With no sign of the massive protests in Hong Kong coming to an end, Beijing issued a veiled threat on Wednesday that it was preparing to use military force to put down the demonstrations. Fears are growing within the Stalinist regime that similar protests could spread throughout the Chinese mainland, given widespread social discontent.

Defense ministry spokesman Wu Qian stated at a briefing to introduce China’s new defense white paper: “We are closely following the developments in Hong Kong, especially the violent attack against the central government liaison office by radicals on July 21.” Wu added: “Some behavior of the radical protesters is challenging the authority of the central government and the bottom line of one country, two systems. This is intolerable.”

Asked for additional information, Wu simply stated: “Article 14 of the Garrison Law has clear stipulations.” This article specifies that the Hong Kong government can request the intervention of the Chinese military in maintaining order. The army garrison in Hong Kong is currently comprised of 6,000 soldiers in bases around the city. Any military intervention runs the risk of becoming another Tiananmen Square massacre.
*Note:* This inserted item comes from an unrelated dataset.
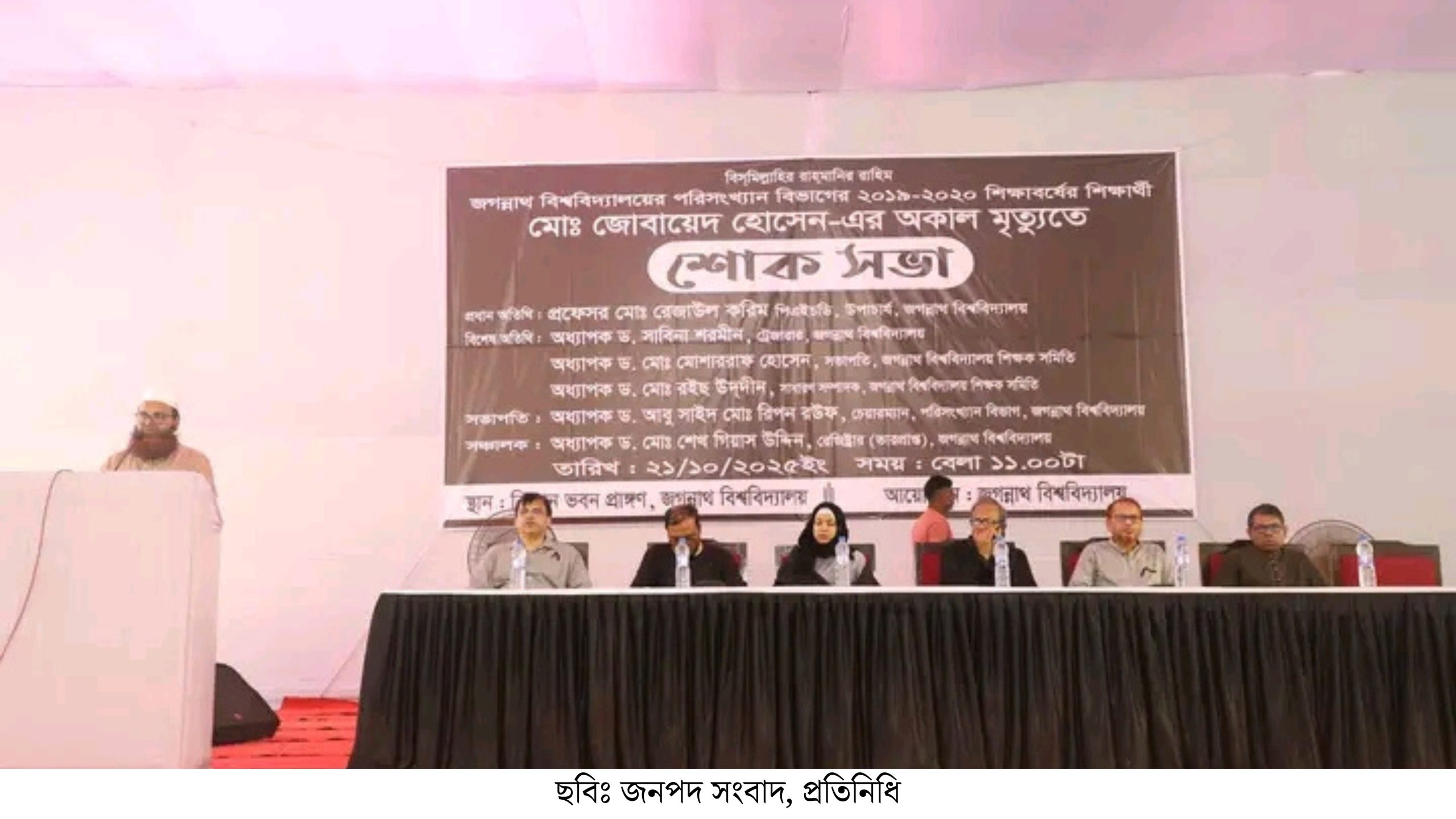 জগন্নাথ বিশ্ববিদ্যালয়ের (জবি) পরিসংখ্যান বিভাগের ২০১৯–২০ শিক্ষাবর্ষের (১৫তম ব্যাচ) শিক্ষার্থী এবং বিশ্ববিদ্যালয় শাখা ছাত্রদলের আহ্বায়ক সদস্য মো. জুবায়েদ হোসেন নির্মম হত্যাকাণ্ডের ঘটনায় গভীর শোক প্রকাশ করে শোকসভার আয়োজন করেছে বিশ্ববিদ্যালয় পরিবার।

“Challenging” the “bottom line of one country, two systems” is a red line for Beijing, which has expressed fear that “external forces” are responsible for the unrest in Hong Kong. The one country, two systems concept has been proposed for Taiwan as well, in order to facilitate the island’s reunification with China. Any protest against this, or stoking of independence movements, is seen as a danger to China’s security. Taiwan, for example, would become a base for United States military aggression against the mainland if it were to declare formal independence. For the same reason, Beijing fears allowing anti-China forces from gaining a foothold in Hong Kong or other territories.

Beijing has altered its previous public stance that the army would not intervene in the Hong Kong protests. In making the shift, it seized upon isolated incidents of violence during last Sunday’s protest rally. Beijing issued an initial veiled threat after protesters occupied the Hong Kong Legislative Council building on July 1. The following day, the PLA Daily, the army’s main newspaper, reported on drills conducted by the garrison the previous week. That was an unusual move, because the PLA typically keeps a low profile in the city.

Beijing’s ultimate fear is that similar demonstrations will spread throughout China and shake the capitalist foundations on which the Stalinist leadership rests. It has tied its sense of legitimacy, and justification for a lack of democratic rights, to a rapidly growing economy. However, this is wearing away as the economy slows.

Anger at deteriorating social conditions is now widespread, not just in Hong Kong and China, but throughout the international working class. Beijing looks around the world with fear that Chinese workers will follow the example of mass protests that have erupted in country after country, from the “yellow vests” in France, to Algeria and Sudan, and most recently, the huge demonstrations in Puerto Rico that forced Governor Ricardo Rosselló to resign from office yesterday.

Chinese state media gave widespread coverage to Sunday’s violence in Hong Kong, in order to slander the protest movement as a whole and prepare public sentiment for a violent crackdown. Yet the protest march of some 430,000 people was largely peaceful. Only a few hundred participants broke off from that march to surround Beijing’s liaison office, spray graffiti on its walls and hurl eggs. Police broke up the gathering with tear gas and rubber bullets, itself an escalation of police violence.

In addition, organized gang members associated with China’s triads, many of which are directly connected to the central government, launched a vicious attack on people returning from the day’s rally, and others just going about their daily lives, at a train station in Yuen Long. The attackers were seen shaking hands with, and receiving thumbs-up from, pro-Beijing lawmaker Junius Ho, who later called them his “friends.”

While the immediate impetus for the protests was a controversial extradition law, intensifying social inequality is driving the protests. Officially, 20 percent of the city lives in poverty, though many workers supposedly above the poverty line do not earn enough to make ends meet. “The needs of Hong Kong’s youth have not been fulfilled,” Derek Liu, a 21-year-old student, told the Financial Times this week. Liu pointed to the fact that youth lack access to housing and well-paying jobs, saying: “If you don’t have them, you will find a way to change society.”

A commentator on an online forum likewise wrote at the beginning of July: “Poor working conditions, no flat, no democracy—everything that appears ordinary in other countries is absent in Hong Kong.”

Both the Hong Kong government and the pan-democrats have downplayed Beijing’s threats to use the military against protesters. Replying to the Defense Ministry’s threats Wednesday, Eric Chan, director of the Chief Executive’s office, stated: “This is nothing new. The Hong Kong government has no plan to seek help from the [PLA Hong Kong] garrison in accordance with that provision [Article 14].”

Workers and youth need to take the threats from Beijing to use the military as a serious warning. They must reach out to workers throughout China and fight for the unity of the entire Chinese working class, while rejecting attempts from right-wing, parochial, and chauvinist tendencies to shift blame onto Chinese mainlanders for supposedly stealing the economic benefits of the city.

Declining living conditions in Hong Kong and throughout China and the growth of social inequality is the result of capitalism, which Beijing enforces to the hilt. It is only through an international movement in a fight for genuine socialism that the issues facing Hong Kongers, and workers and youth throughout China and Asia, can be addressed.